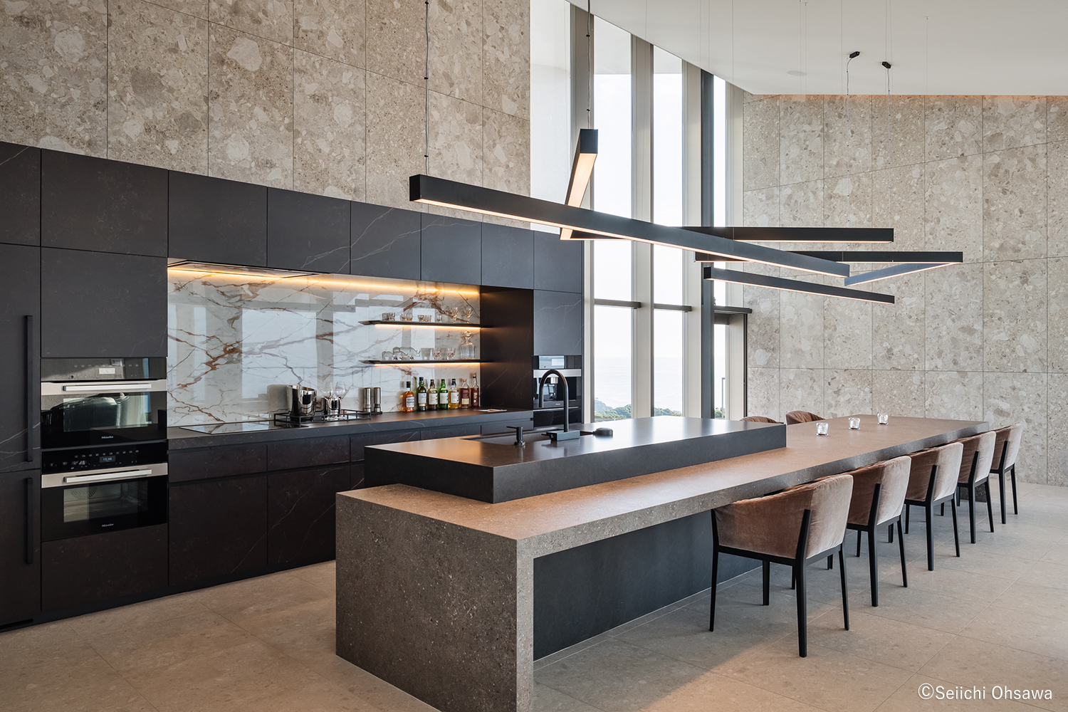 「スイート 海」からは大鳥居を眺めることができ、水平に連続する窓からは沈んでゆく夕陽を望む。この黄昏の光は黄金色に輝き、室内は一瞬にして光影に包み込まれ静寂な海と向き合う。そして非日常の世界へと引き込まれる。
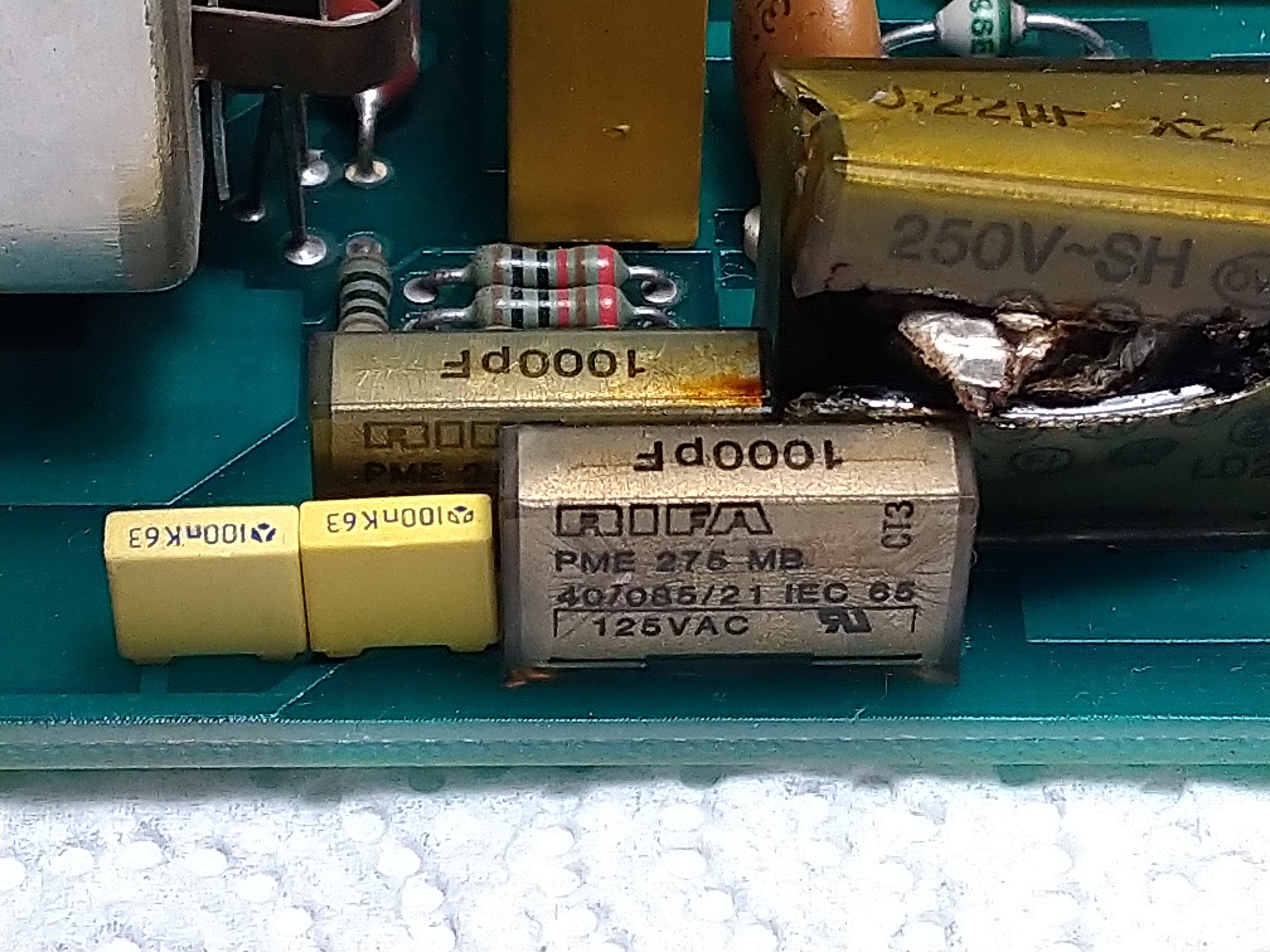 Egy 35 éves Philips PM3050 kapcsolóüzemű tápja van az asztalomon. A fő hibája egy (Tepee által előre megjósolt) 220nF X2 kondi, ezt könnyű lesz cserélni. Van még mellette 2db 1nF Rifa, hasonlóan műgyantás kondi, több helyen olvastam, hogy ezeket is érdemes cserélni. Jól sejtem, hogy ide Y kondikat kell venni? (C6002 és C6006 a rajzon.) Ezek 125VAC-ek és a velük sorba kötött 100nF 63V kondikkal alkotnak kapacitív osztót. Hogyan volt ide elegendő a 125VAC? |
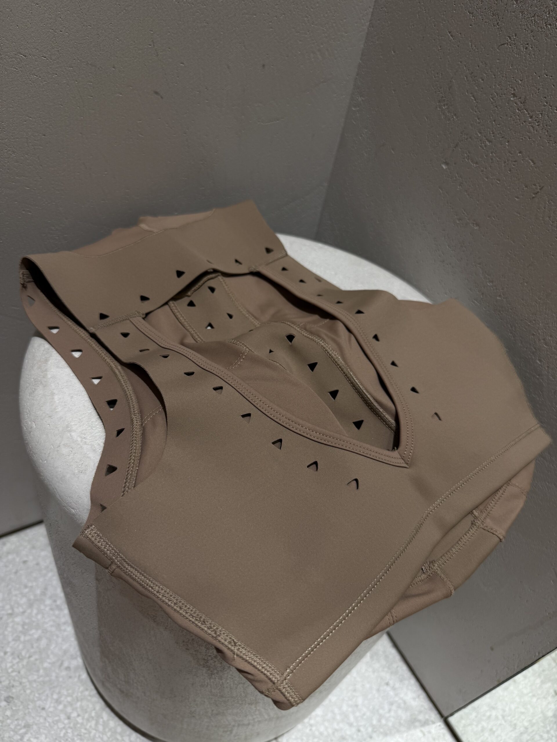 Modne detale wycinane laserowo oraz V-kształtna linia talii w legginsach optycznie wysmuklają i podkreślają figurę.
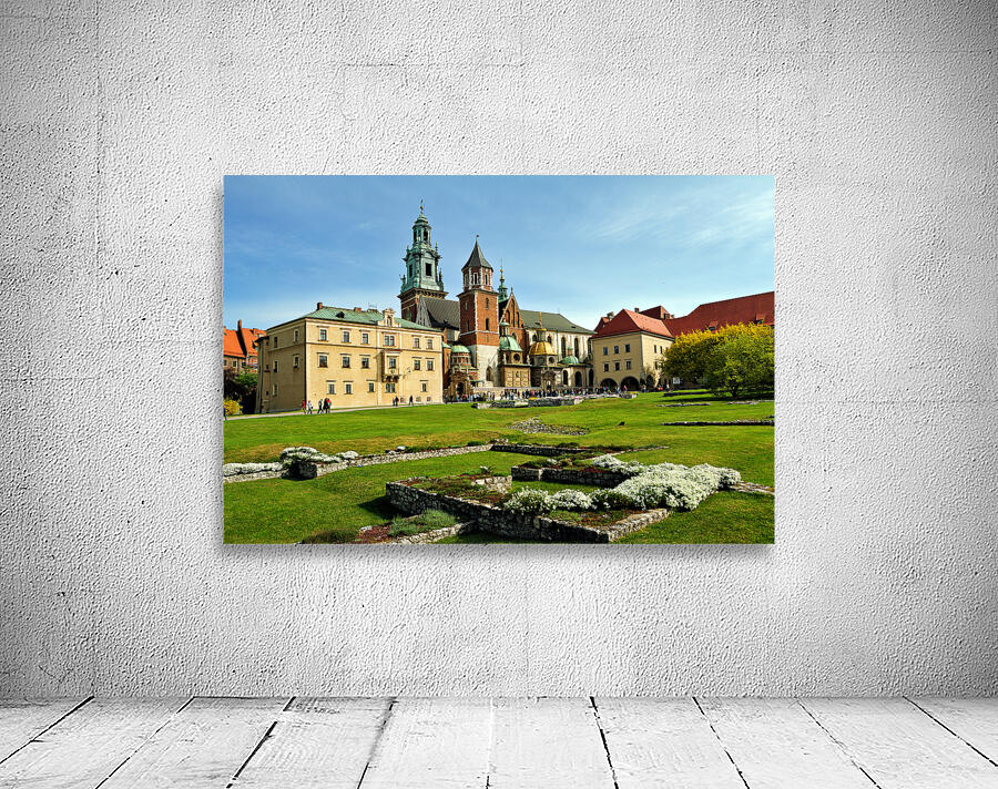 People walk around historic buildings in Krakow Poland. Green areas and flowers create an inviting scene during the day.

--

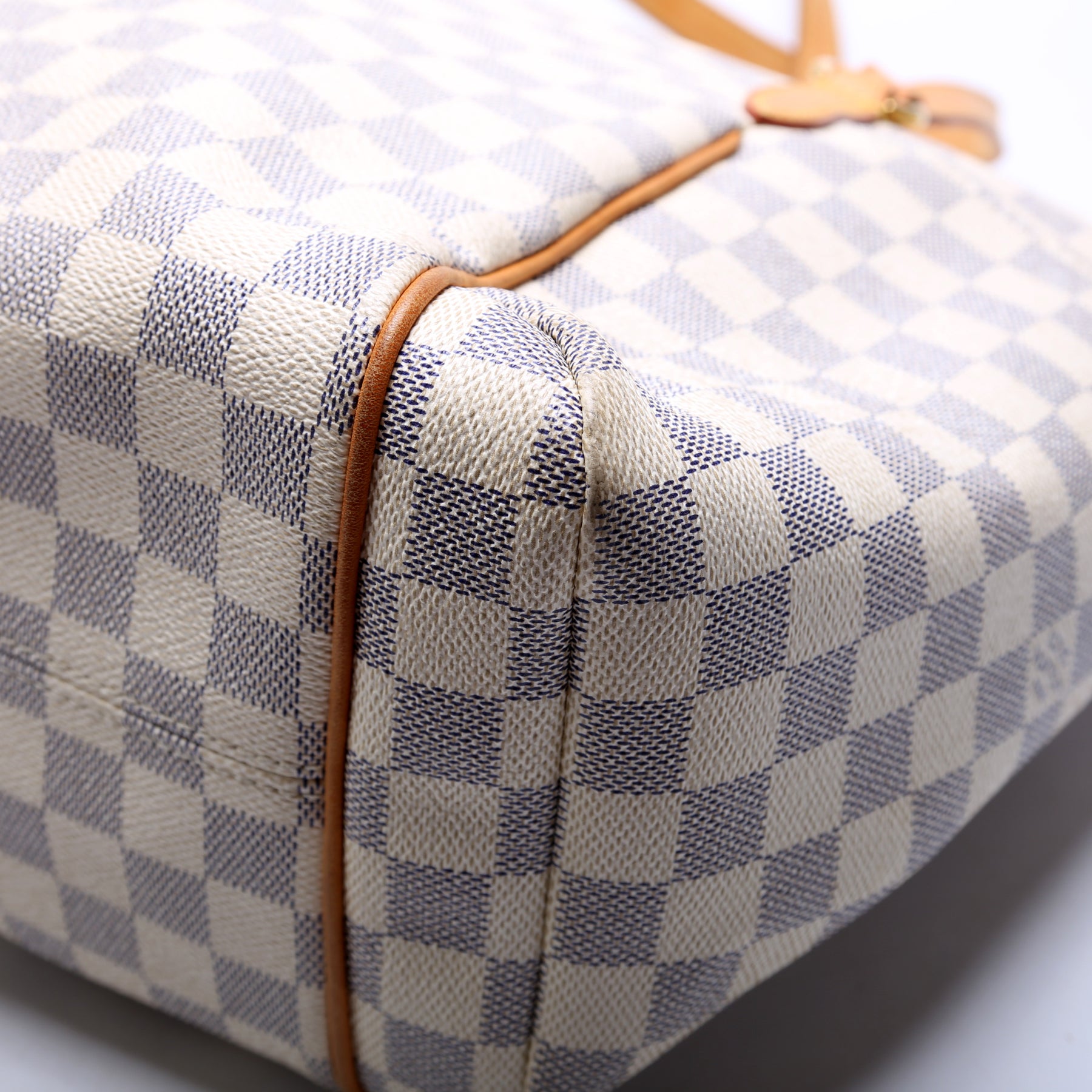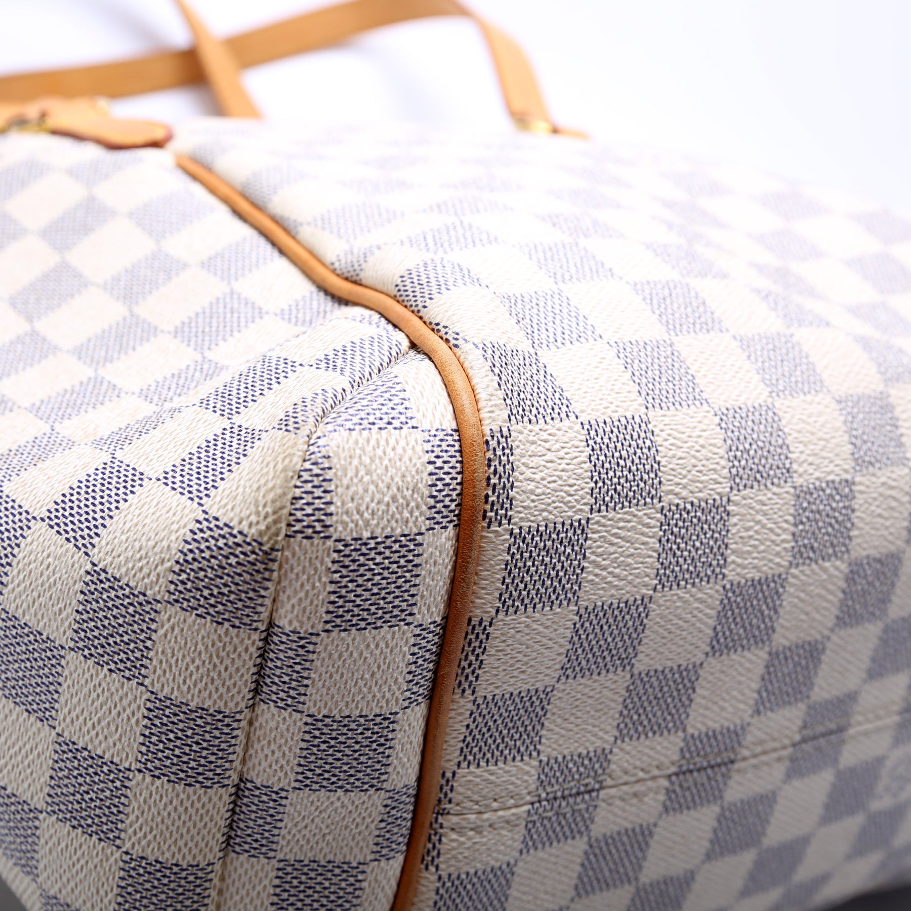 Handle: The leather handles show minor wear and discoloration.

■ **Work instruction**: The response must repeat exactly the lines above from the one with "Modne detale wycinane" through the one with "People walk around", including both, and must contain no pictures and no other text.

■ **Finished task**:
 Modne detale wycinane laserowo oraz V-kształtna linia talii w legginsach optycznie wysmuklają i podkreślają figurę.
 People walk around historic buildings in Krakow Poland. Green areas and flowers create an inviting scene during the day.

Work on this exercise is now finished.